Vroom Vroom and Her Daughters
Part One: “Hyperpop”
It has been 10 years since Charli XCX’s seminal Vroom Vroom EP solidified a movement we now call “hyperpop.” Produced by SOPHIE, this project melded the emerging PC Music “bubblegum bass” sound with Charli’s masterful songwriting, and pop music changed course forever.
Blackout by Britney Spears is often considered the Old Testament of hyperpop. The 2007 record set the terms for a new form of pop that plants its flag in the uncanny valley, championing synthetic vocals, intentional glitches, dark production, and boisterous innovation. In the theology of the genre, I would label Vroom Vroom hyperpop’s New Testament, and Charli its messiah.

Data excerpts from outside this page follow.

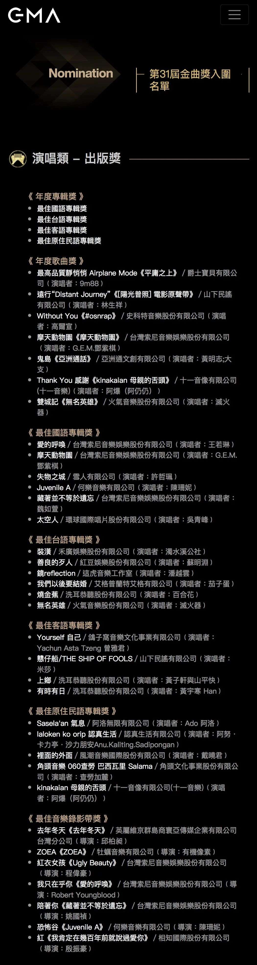 年度歌曲奖的入围则可能会让普通音乐爱好者有些脸盲。入围名单包括:《最高品质静悄悄 Airplane Mode》﹙演唱者:9m88,出自专辑《平庸之上》﹚、《远行"Distant Journey"》(演唱者:林生祥,出自《阳光普照》电影原声带)、《Without You 》﹙演唱者:高尔宣,出自专辑《osnrap》﹚、《摩天动物园》﹙演唱者:G.E.M邓紫棋,出自专辑《摩天动物园》﹚、《鬼岛》(演唱者:黄明志&大支,出自专辑《亚洲通话》)、《Thank You 感谢﹙演唱者:阿爆(阿仍仍),出自专辑《kinakaian 母亲的舌头》﹚、XXX(XXX),这里面除了邓紫棋、林生祥、黄明志有一定知名度,估计其他几位对于路人来说都是绝对的新面孔。
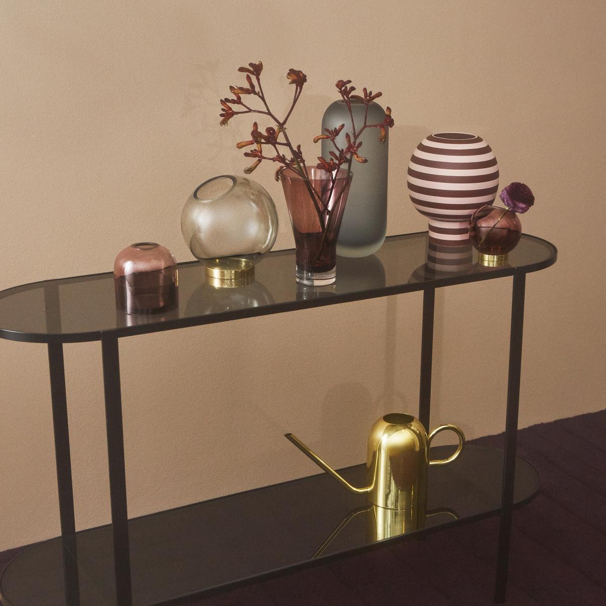 The small pink-brass globe vase is a versatile piece that combines soft colour with a touch of metallic elegance, making it ideal for contemporary or art deco-inspired interiors. I love how its subtle pink hue offers warmth without overpowering, and the brass base adds a hint of luxe. It works well in both minimalist spaces to add a gentle colour pop or in more eclectic setups where it can be paired with textured ceramics or metallic accents. For styling tips, consider pairing it with simple leaf or single-stem arrangements to keep the look clean and modern, or use it as a standalone decorative object on a console or shelf to highlight its sculptural form. This vase's understated charm allows it to complement a variety of palettes and design styles, making it a great all-rounder for adding interest and sophistication.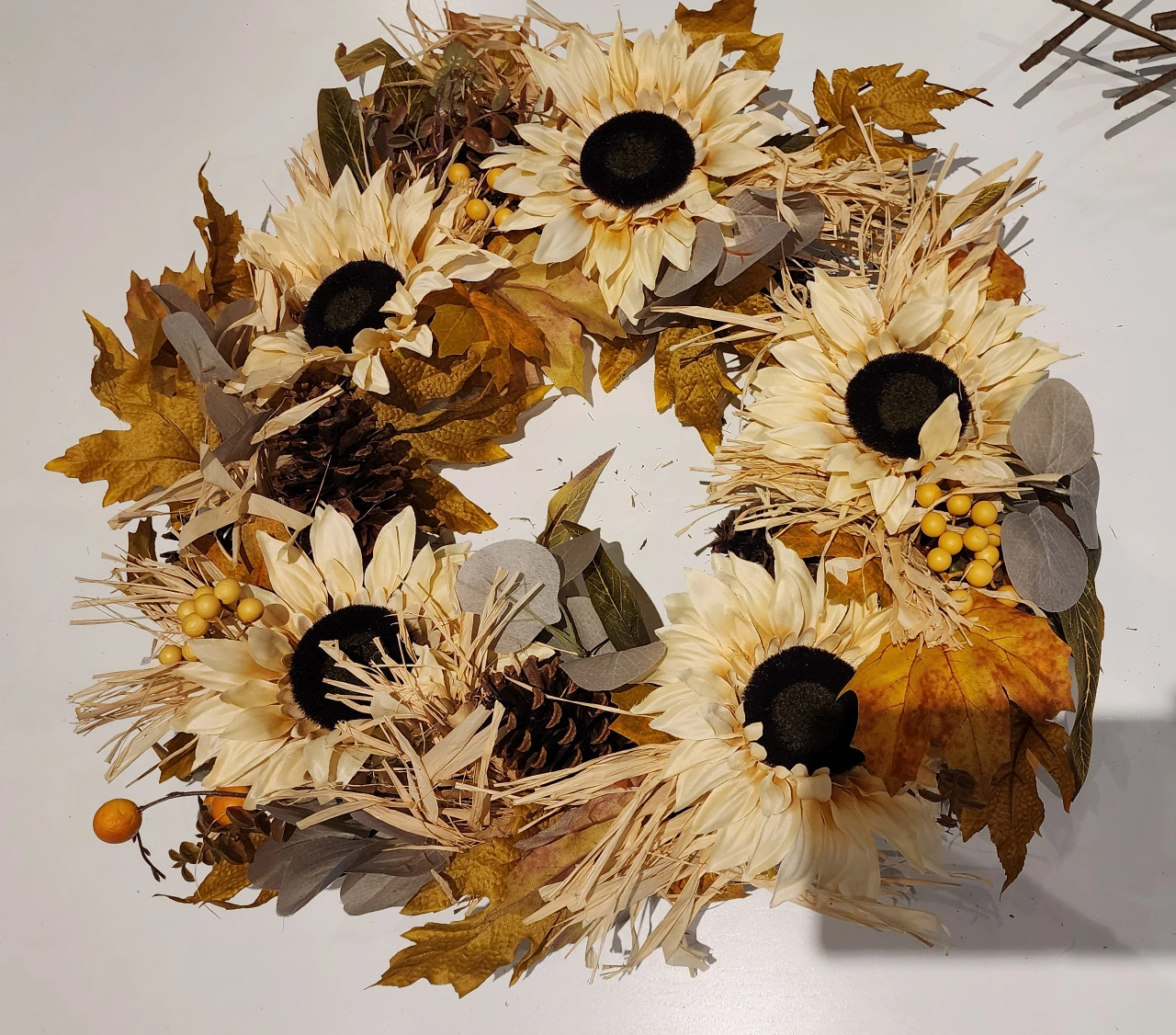 🍂 Dense and detailed with faux leaves and berries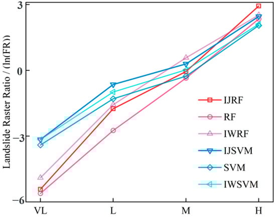 FR values represent the landslide proportions in the VL, L, M, and H susceptibility levels for each model. These FR values are naturally logarithmically scaled and are presented in Figure 14. From the figure, it can be observed that SVM and its coupled models have higher landslide proportions in the VL and L susceptibility areas but lower proportions in the H susceptibility areas. That indicates its poor discrimination ability in distinguishing landslide susceptibility areas. On the other hand, the RF and its coupled models have both lower landslide proportions in the VL and L susceptibility areas and higher proportions in M and H partitions. Notably, the IJRF model, while having a lower proportion of landslide areas in the VL susceptibility area, has the highest proportion of landslide areas in the H susceptibility area, indicating the superiority of the IJRF model in discriminating landslide susceptibility areas from non-landslide susceptibility areas.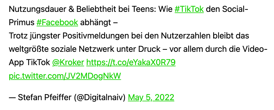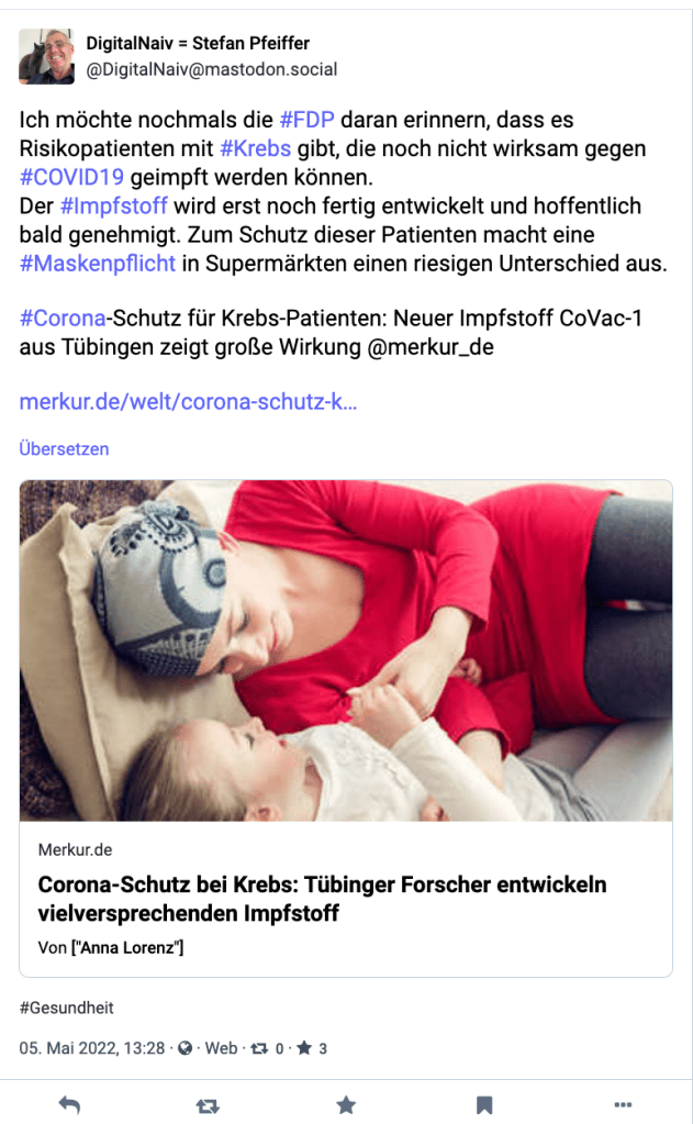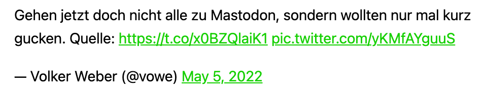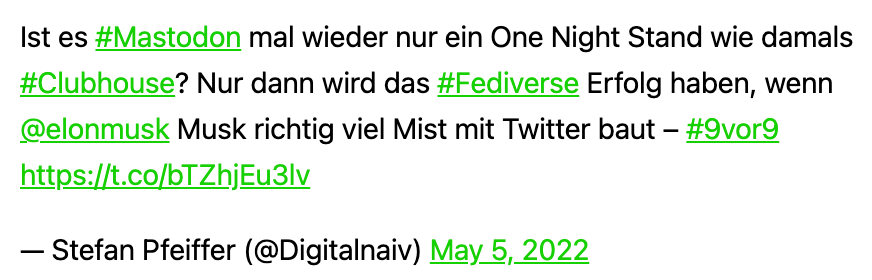 Ich bin weiter auf Mastodon und – wie Ihr sehr – verlinke auch Beiträge, die ich dort teile. Zwar bekomme ich auf Mastodon bei weitem nicht alle Informationen, die in meinem angepassten Feed auf Twitter einlaufen, aber viele Gespräche sind einfach „sozialer“. Ich bleibe erst einmal dort.

In his review of the EP from 2016, divisive and prolific music critic Anthony Fantano described the project as “something from pop’s dystopian future, where the genre has…started to swallow its own tail…” I think this self-referential process lies at the center of hyperpop, and every song on the EP carves out a new lane for the genre to expand.
Part Two: The Songs
Track 1:
Vroom Vroom
“Let’s ride!” Charli proclaims, prophetically yanking the sound of pop into the future. I genuinely wonder where pop music today would be without this song. To a layperson (or straight person), this track’s influence may appear minute, if not niche, but I hear fragments of “Vroom Vroom” everywhere, from the high contrast, speaker-busting work of 100 gecs to the braggadocious maximalism of Bree Runway. This track crystallized a new form of pop that is saturated, experimental, loud, and, at points, uncomfortable.
Track 2:
Paradise
(feat. Hannah Diamond)
“Paradise” sits closest to the original model of “bubblegum bass” that PC Music pioneered in the early 2010s. It even features Hannah Diamond, who is arguably the label’s most recognizable poster girl. This collaboration defined a lane of hyperpop that is sweet, bubbly, girly, and incredibly sincere (to the point of being almost childlike). I believe this track serves as a prototype for a lot of the work made by PC Music alumni such as Namasenda, A.G. Cook, Danny L Harle, and Hannah Diamond herself.
Track 3:
Trophy
This pounding dance cut wears its industrial influences on its chest. The cacophony, triumph, and audacity of “Trophy” reflects the works of Coucou Chloe, Shygirl, Rico Nasty, umru, and Danny Brown. Loud, anthemic, and brazen, “Trophy” embodies a lane of hyperpop that’s meant to be heard at the peak of action, reverberating off the concrete walls of a warehouse rave.
Track 4:
Secret (Shh)
The EP’s closer is like a demented Pussycat Dolls song filtered through a Saw trap, and that’s why, for years, it was my favorite Charli XCX song. Sadly, though, I don’t see a very clear lineage of scary, seductive bangers across the hyperpop landscape. In my opinion, for hyperpop to truly evolve, it needs to mature. We’ve had enough puppy love (see: “I like, I like, I like, I like everything about you”), and it’s time to see how hard this music can fuck. Besides Charli and SOPHIE, some of the only hyperpop artists I’ve seen really explore sexuality are Shygirl and Dorian Electra (with the latter releasing a concept album about a rageful incel who finds bliss through sexual submission). There are touches of sensuality in the works of Cecile Believe and Eartheater, too, but across the genre, there are few moments of real eroticism. I think “Secret (Shh)” provides a great template for an overtly sexy hyperpop banger, and I hope more artists explore that angle in the future.
Part Three: Finish Line
I am not the first, nor will I be the last, to praise Charli and SOPHIE’s contributions to hyperpop. I do, however, wish to pinpoint Vroom Vroom, as a project, as the focal point where the genre fully formed.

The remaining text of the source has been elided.